:: Records provided

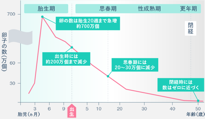 卵子は、出生後は新たに作られることがなく、質・量ともに減少し続けます。 そのため、年齢とともに、妊娠しにくくなったり妊娠の異常が起きやすくなります。
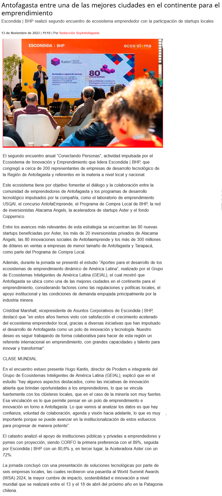 Escondida | BHP realizó segundo encuentro de ecosistema emprendedor con la participación de startups locales - (timeline)
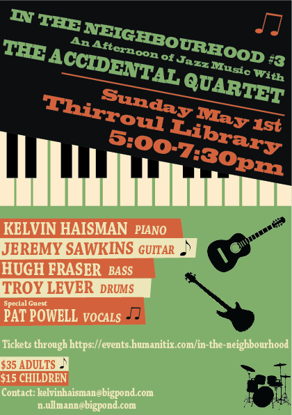Each concert features a different guest vocalist backed by the Accidental Quartet comprising Jeremy Sawkins on guitar, Hugh Fraser on bass, Troy Lever on drums, myself on piano.
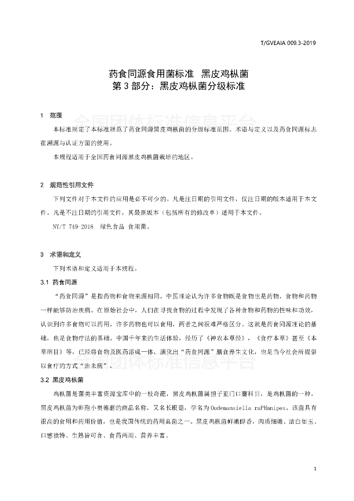 T/GVEAIA 009.3-2019 药食同源食用菌标准 黑皮鸡枞菌 第3部分:黑皮鸡枞菌分级标准
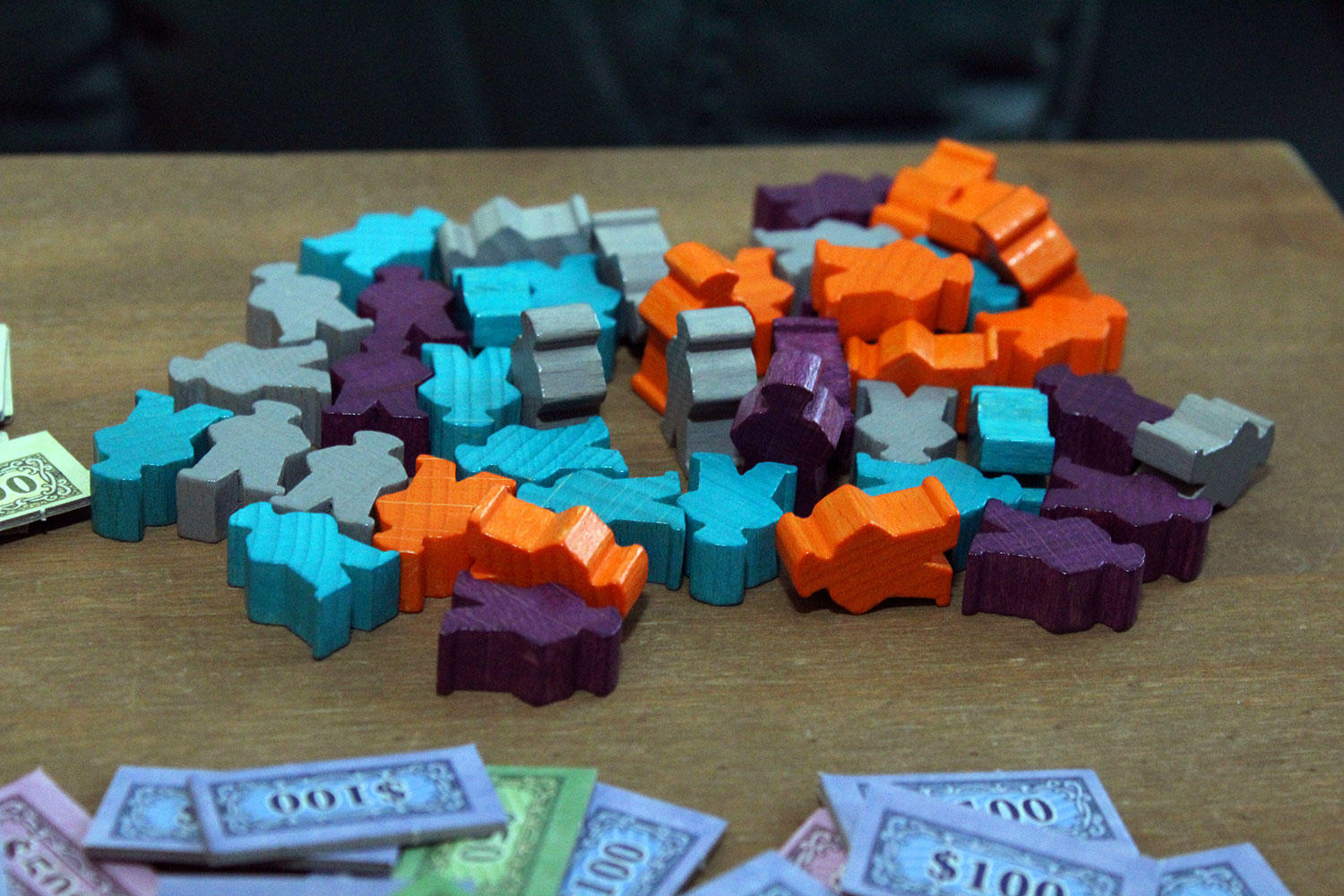 Das Spielmaterial ist mit 198 Holzmarkern, sowie 195 Pappplättchen üppig ausgestattet. Auf Papiergeld wurde glücklicherweise verzichtet. Stattdessen liegt es in Form von Pappmarkern in 4 unterschiedlichen Einheiten und ausreichender Menge bei.
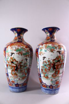 A LARGE PAIR OF JAPANESE MEIJI PERIOD IMARI PORCELAIN VASES, with panel decoration depicting figures stood in landscapes, with butterflies and native flora, with decoration of phoenix, and typical imari surrounding decoration, 61cm high
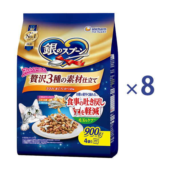 【ケース】銀のスプーン贅沢3種の素材仕立て食事の吐き戻し軽減フードささみ・まぐろ・かつお味 900g×8

::::

-- Task brief --
The line containing "T/GVEAIA 009.3-2019 药食同源食用菌标准" marks the end; please output exactly the lines of the listing above from its first line through that line, without pictures.

-- Result for this task --
 卵子は、出生後は新たに作られることがなく、質・量ともに減少し続けます。 そのため、年齢とともに、妊娠しにくくなったり妊娠の異常が起きやすくなります。
 Escondida | BHP realizó segundo encuentro de ecosistema emprendedor con la participación de startups locales - (timeline)
Each concert features a different guest vocalist backed by the Accidental Quartet comprising Jeremy Sawkins on guitar, Hugh Fraser on bass, Troy Lever on drums, myself on piano.
 T/GVEAIA 009.3-2019 药食同源食用菌标准 黑皮鸡枞菌 第3部分:黑皮鸡枞菌分级标准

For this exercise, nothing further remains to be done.